The Forgotten History of Cofitachequi, Cofaqui and the Cofitachete’s

It is perhaps the most romanticized and distorted segment of the De Soto Chronicles.  A legion of professional papers, theses, dissertations and books  have been written about “The Lady of Cofitachequi, queen of the “paramount chiefdom” of Cofitachequi.  She met Hernando de Soto at a river and was carried on a litter.  De Soto kidnapped her, but she eventually escaped and ran off with an African slave (oh horrors!)   

Meanwhile, maps published in the 1600s and first decade of the 1700s displayed in large type, Cofitache or Cofitachete.   This province started out in south central Tennessee then as years went by, cartographers showed it next in northeast Alabama and then either in extreme northeast Georgia or the region, immediately adjacent, in the Carolinas. 

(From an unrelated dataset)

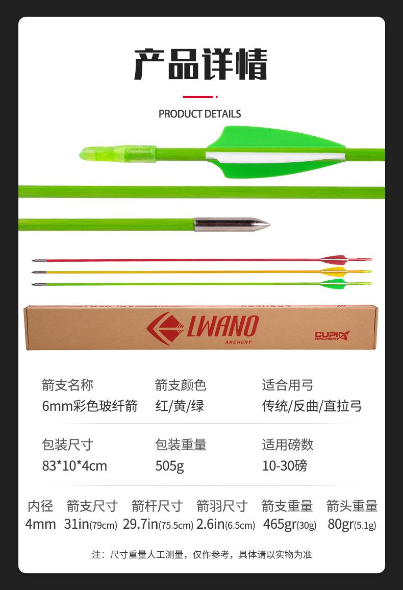 Flecha de fibra de vidrio de color de 6 mm roja lugar escénico flecha de entrenamiento de tiro con arco flecha de fibra de vidrio de 6 mm flecha de práctica arco recurvo arco tradicional

No one caught the connection for 300 years.  Among many other details, they also missed an important statement in the De Soto Chronicles.  Cofitachequi was ultimately described as an abandoned town . . . only two days walk from the Atlantic Ocean.


This map accompanied the 1544 report to the King of Spain on the Hernando de Soto Expedition. It placed Cofitachequi near the Santee River or Cooper River and Atlantic Ocean in present day South Carolina. It placed the Province of Chicora between the Savannah River and the Altamaha River in present day Georgia. Contemporary historians now call this region Guale.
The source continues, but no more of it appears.